Spectral Test of the MIXMAX Random Number Generators

An important statistical test on the pseudo-random number generators is called the spectral test. The test is aimed at answering the question of distribution of the generated pseudo-random vectors in dimensions $d$ that are larger than the genuine dimension of a generator $N$. In particular, the default MIXMAX generators have various dimensions: $N=8,17,240$ and higher. Therefore the spectral test is important to perform in dimensions $d > 8$ for $N=8$ generator, $d> 17$ for $N=17$ and $d> 240$ for $N=240$ generator. These tests have been performed by L'Ecuyer and collaborators.

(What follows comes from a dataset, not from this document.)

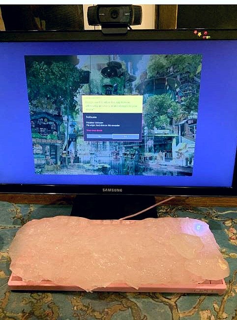The slime had seeped into the keyboard, filling the spaces between the keys with ooze. It had looked so solid and congealed just minutes ago, and now, it was practically dribbling deep into my pink Filco mechanical keyboard. I freaked out. So of course, I made another bad decision: going into the kitchen and getting a knife. It took ten minutes of meticulously removing the slime with a small blade before it dawned on me that, really, the best thing to have done was just turn the keyboard upside down and let the slime seep out on its own. Oops.
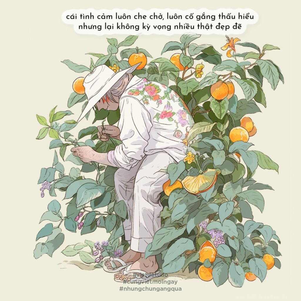 Mình nghĩ cái tình cảm luôn che chở, luôn cố gắng thấu hiểu nhưng lại không kỳ vọng nhiều thật đẹp đẽ. Nó là một cái mạng lưới an toàn, mà ở bên trong mình có thể sống tự do. Mình biết mình có thể nói hết những gì mình nghĩ. Nhưng mình cũng biết dừng lại khi nói như vậy là đủ. Mình vừa an toàn vừa tạo ra sự an toàn cho mọi người. Nó là một điều thật hiếm có. Hoặc ít nhất là hiếm có đối với mình. Nó có một cái mức cân bằng tinh tế giữa tôi luôn biết tôi có thể dựa vào, có người lắng nghe tôi, có người hiểu những câu chuyện đùa kỳ cục của tôi và nếu ngay lúc này bạn không làm tất cả những điều đó, thì vẫn ổn.

When $d > N$ the vectors of the generated numbers fall into the parallel hyperplanes and the distances between them can be larger than the genuine "resolution" of the MIXMAX generators, which is $ l=2^{-61}$. The aim of this article is to further study the spectral properties of the MIXMAX generators, to investigate the dependence of the spectral properties of the MIXMAX generators as a function of their internal parameters and in particular their dependence on the parameter $m$. We found that the best spectral properties are realized when $m$ is between $2^{24}$ and $2^{36}$, a range which is inclusive of the value of the $N=17$ generator. We also provide the alternative parameters for the generators, $N=8$ and $N=240$ with $m$ in this optimised range.